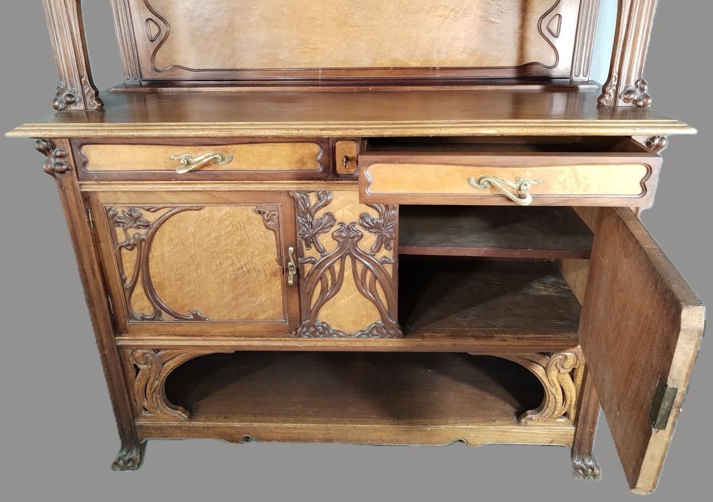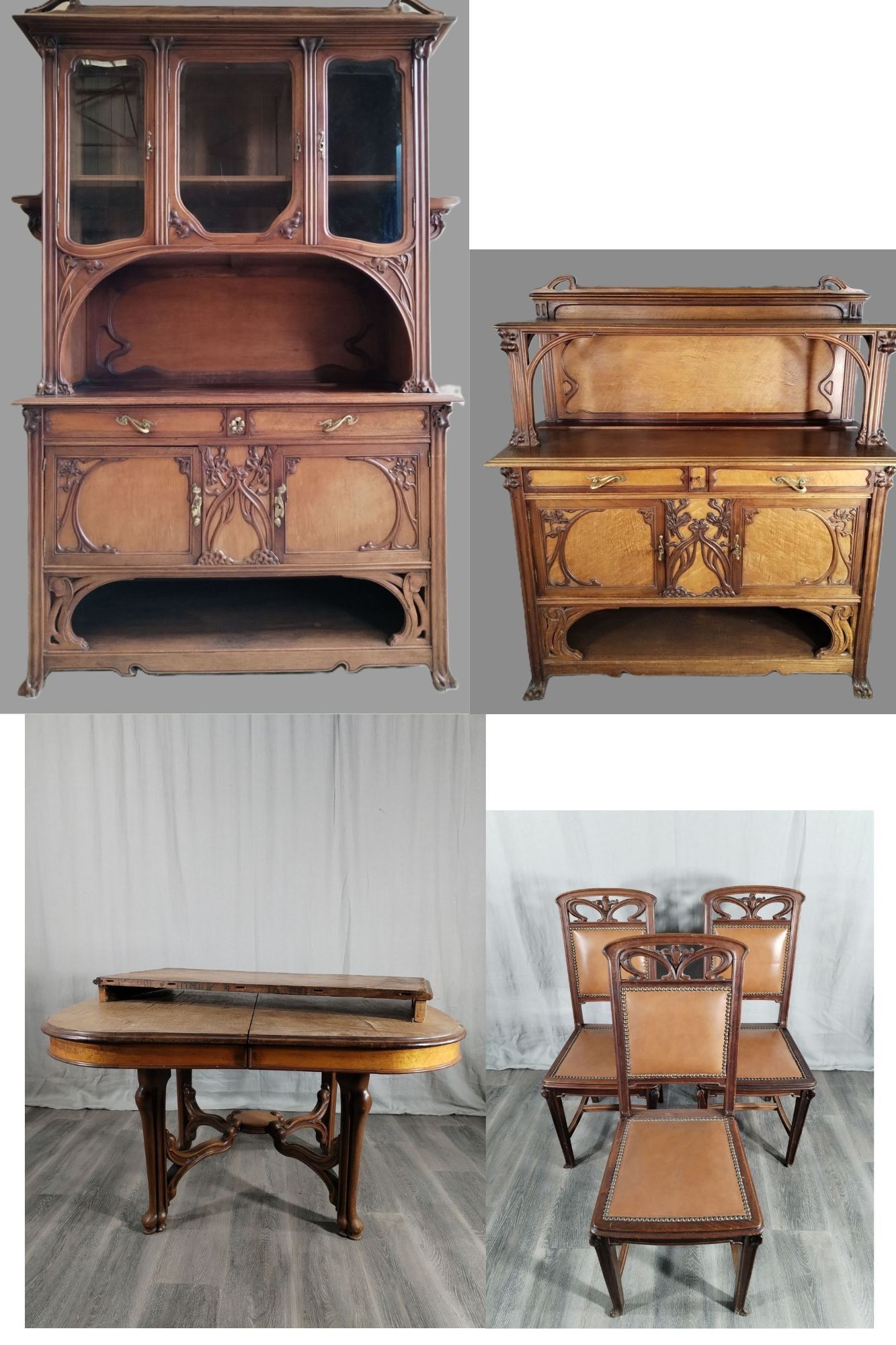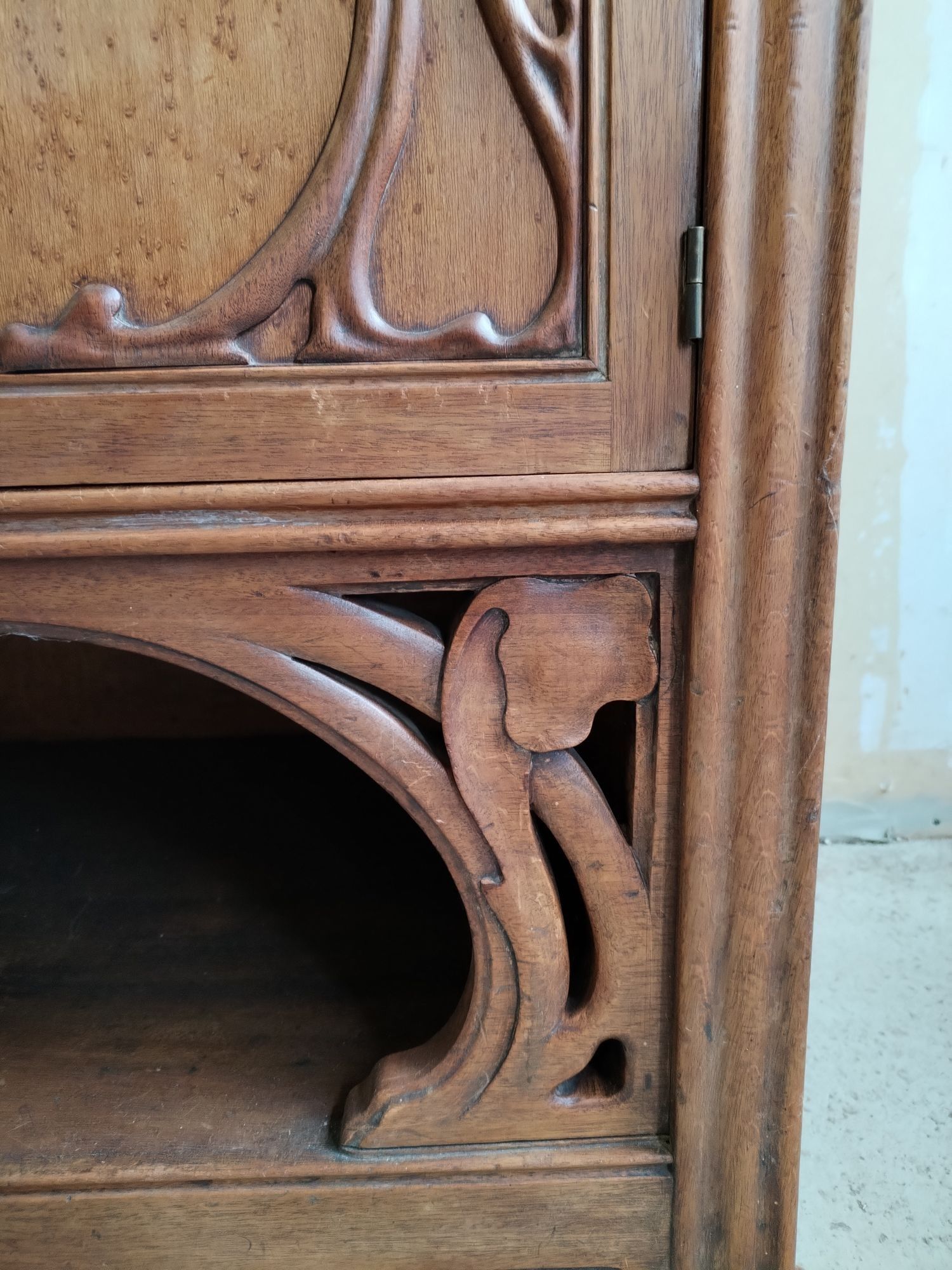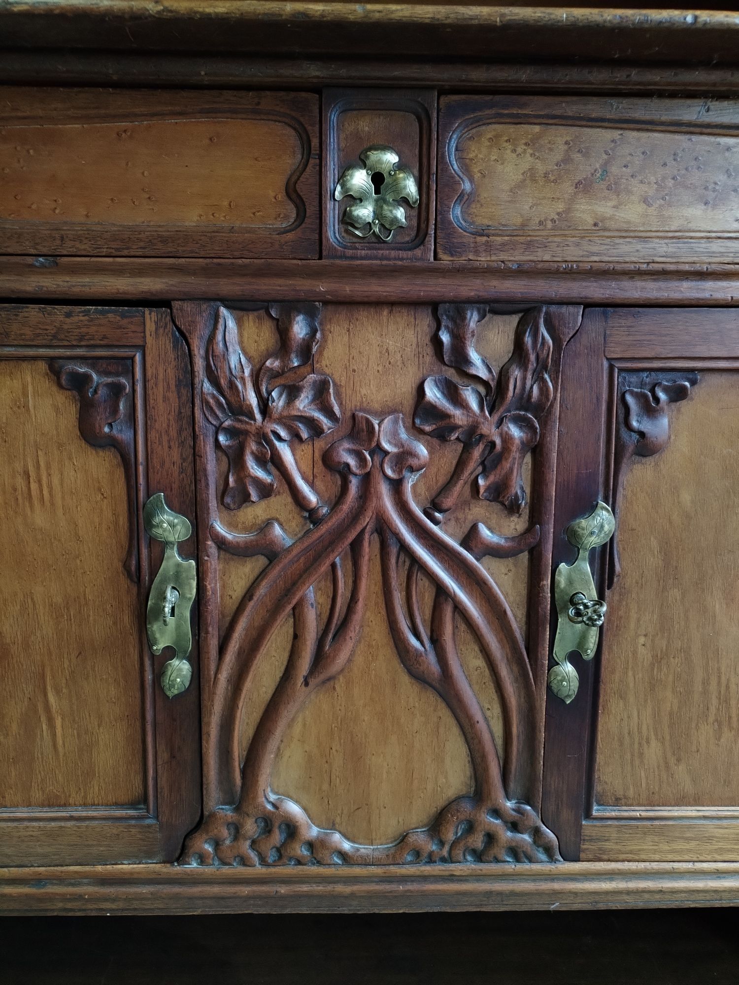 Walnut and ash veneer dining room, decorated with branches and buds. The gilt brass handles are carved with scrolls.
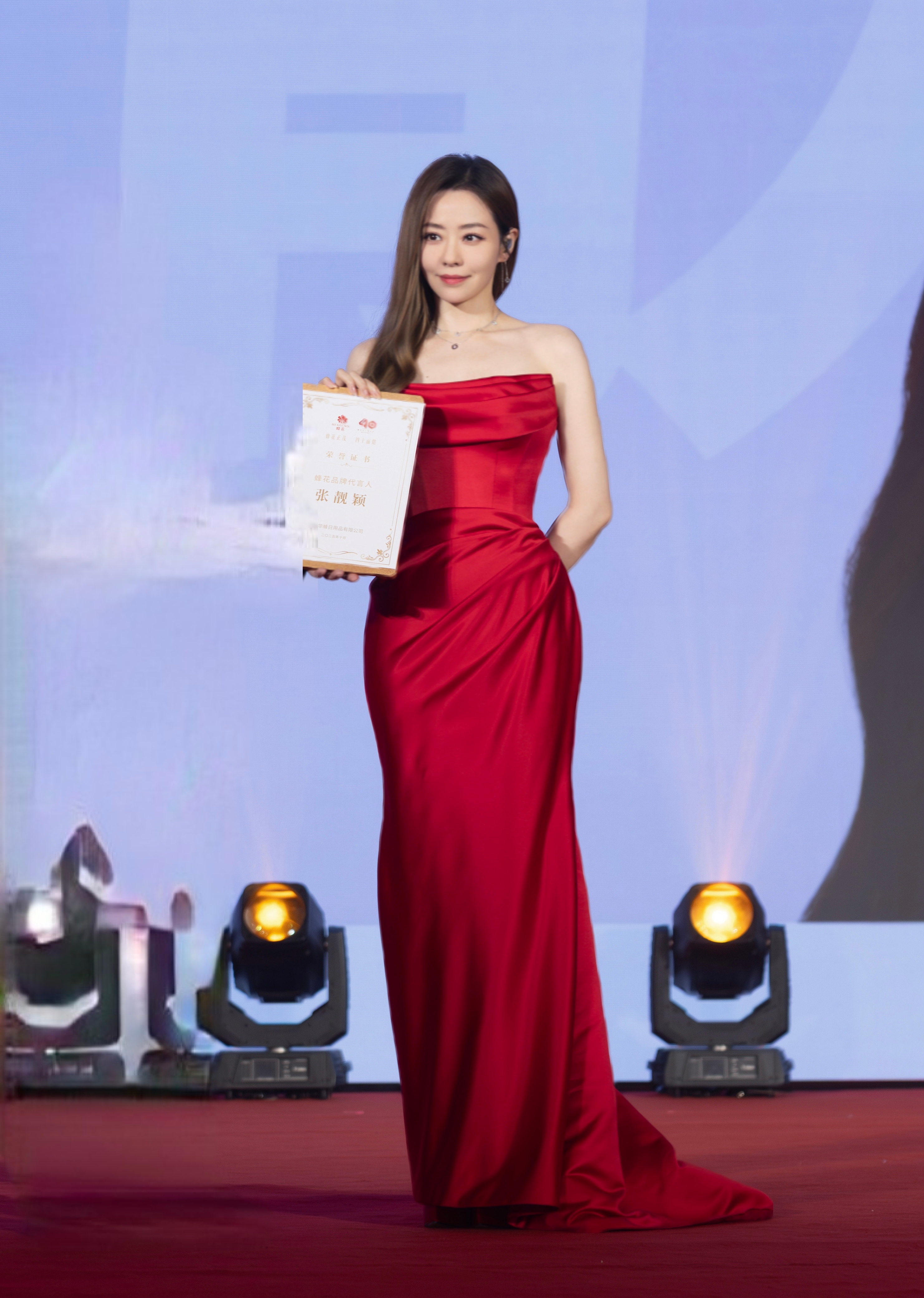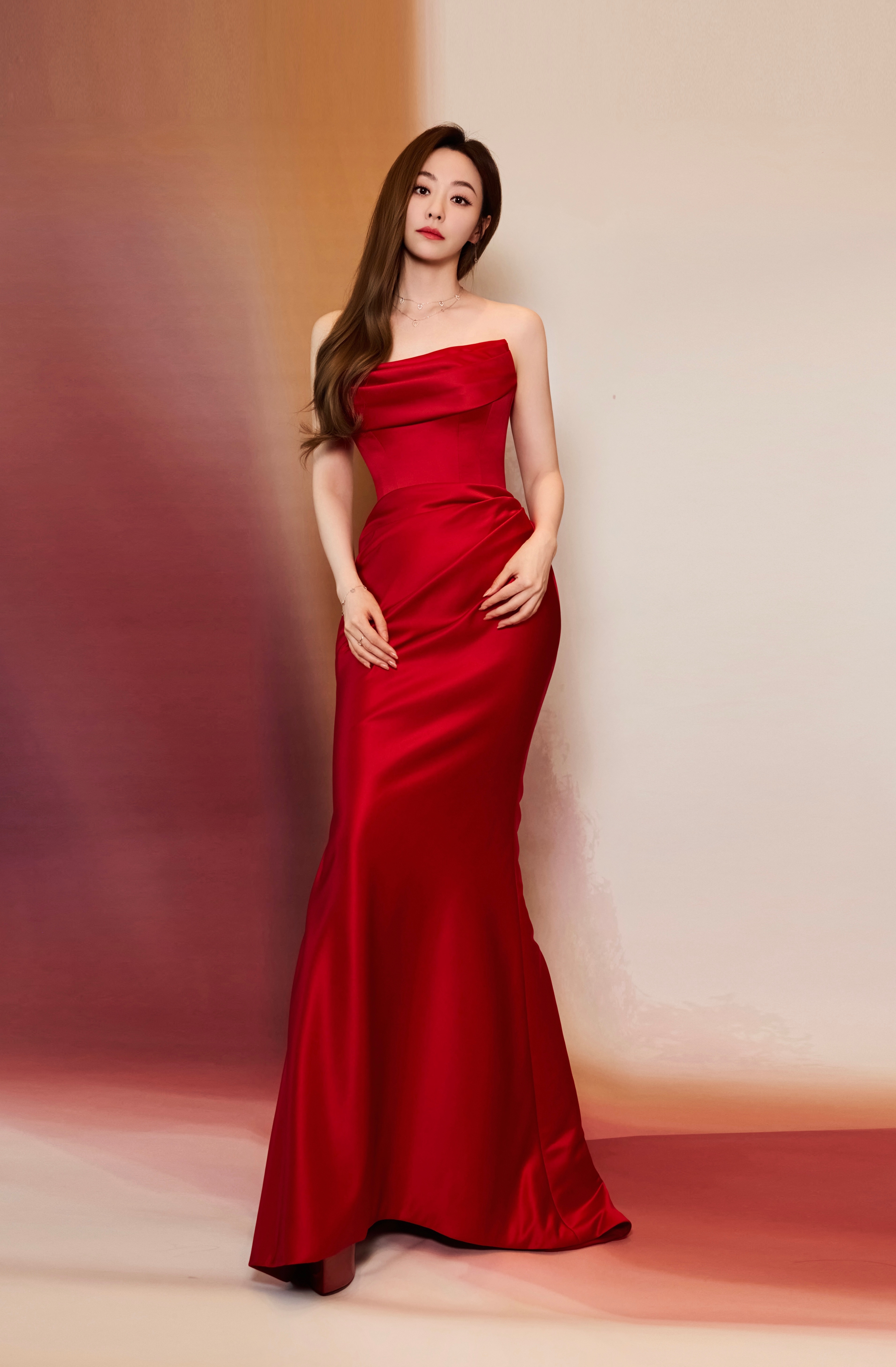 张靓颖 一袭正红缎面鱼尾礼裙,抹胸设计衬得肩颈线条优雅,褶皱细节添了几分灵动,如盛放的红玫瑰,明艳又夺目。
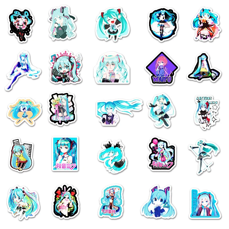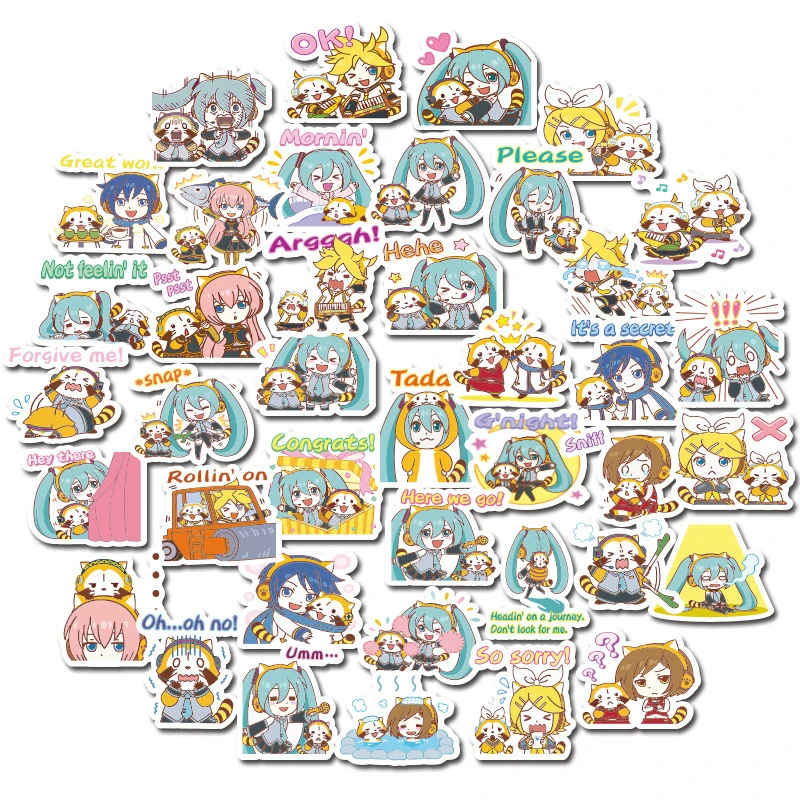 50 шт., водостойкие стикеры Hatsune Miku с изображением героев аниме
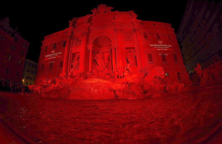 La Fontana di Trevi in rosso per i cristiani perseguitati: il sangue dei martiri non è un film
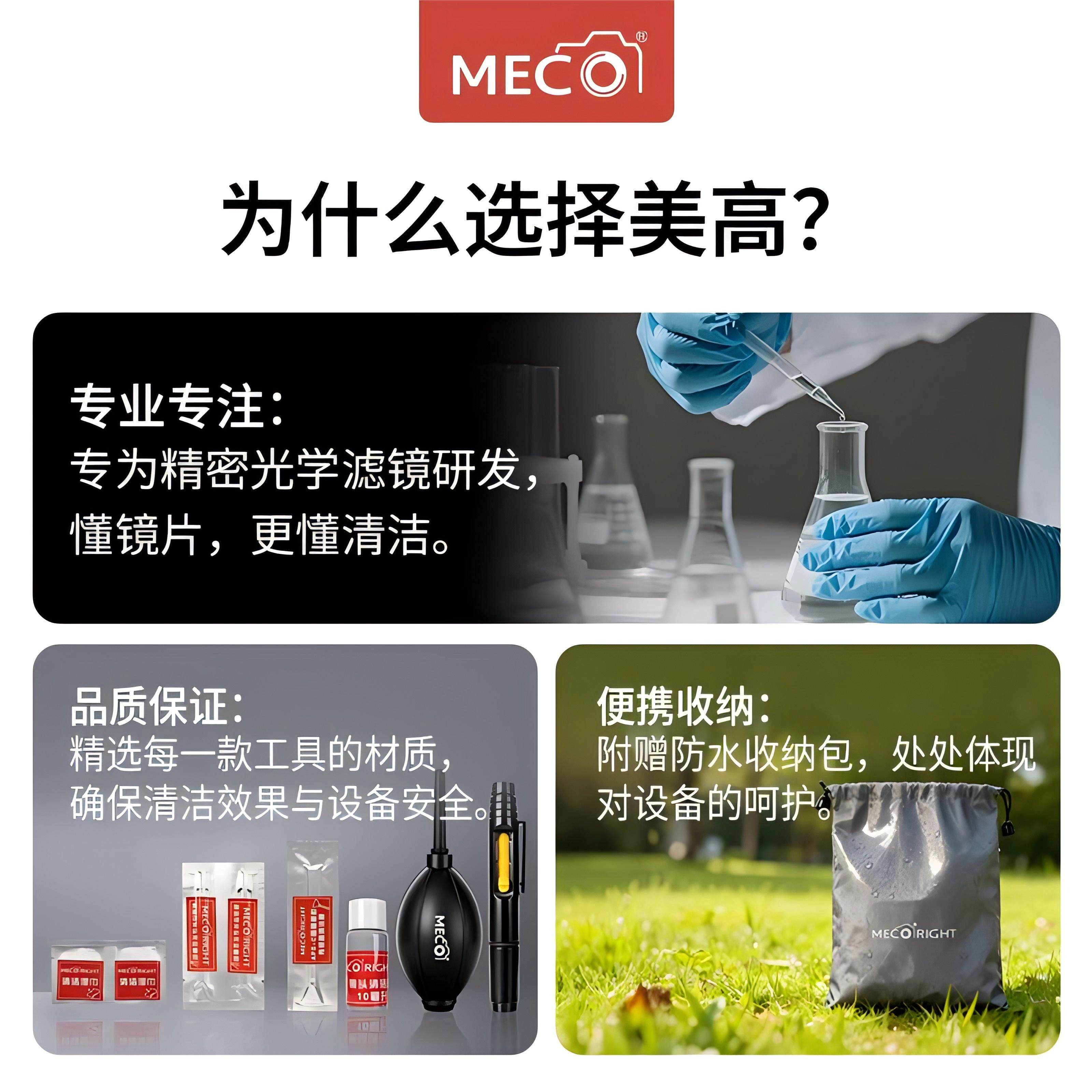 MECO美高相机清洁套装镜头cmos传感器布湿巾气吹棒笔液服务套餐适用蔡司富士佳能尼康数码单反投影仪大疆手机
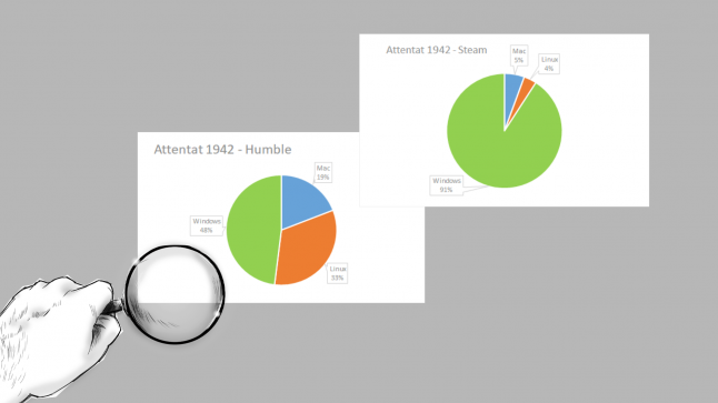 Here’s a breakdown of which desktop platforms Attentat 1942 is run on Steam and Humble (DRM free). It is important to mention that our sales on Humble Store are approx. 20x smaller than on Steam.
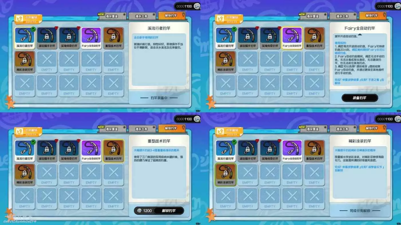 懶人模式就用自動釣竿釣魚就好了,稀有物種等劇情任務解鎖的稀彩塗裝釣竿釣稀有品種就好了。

○ ○ ○ ○

- [WHAT THE TASK ASKS]:
Copy every record exactly as written, leaving out the pictures.

- [TASK ANSWER]:
 Walnut and ash veneer dining room, decorated with branches and buds. The gilt brass handles are carved with scrolls.
 张靓颖 一袭正红缎面鱼尾礼裙,抹胸设计衬得肩颈线条优雅,褶皱细节添了几分灵动,如盛放的红玫瑰,明艳又夺目。
 50 шт., водостойкие стикеры Hatsune Miku с изображением героев аниме
 La Fontana di Trevi in rosso per i cristiani perseguitati: il sangue dei martiri non è un film
 MECO美高相机清洁套装镜头cmos传感器布湿巾气吹棒笔液服务套餐适用蔡司富士佳能尼康数码单反投影仪大疆手机
 Here’s a breakdown of which desktop platforms Attentat 1942 is run on Steam and Humble (DRM free). It is important to mention that our sales on Humble Store are approx. 20x smaller than on Steam.
 懶人模式就用自動釣竿釣魚就好了,稀有物種等劇情任務解鎖的稀彩塗裝釣竿釣稀有品種就好了。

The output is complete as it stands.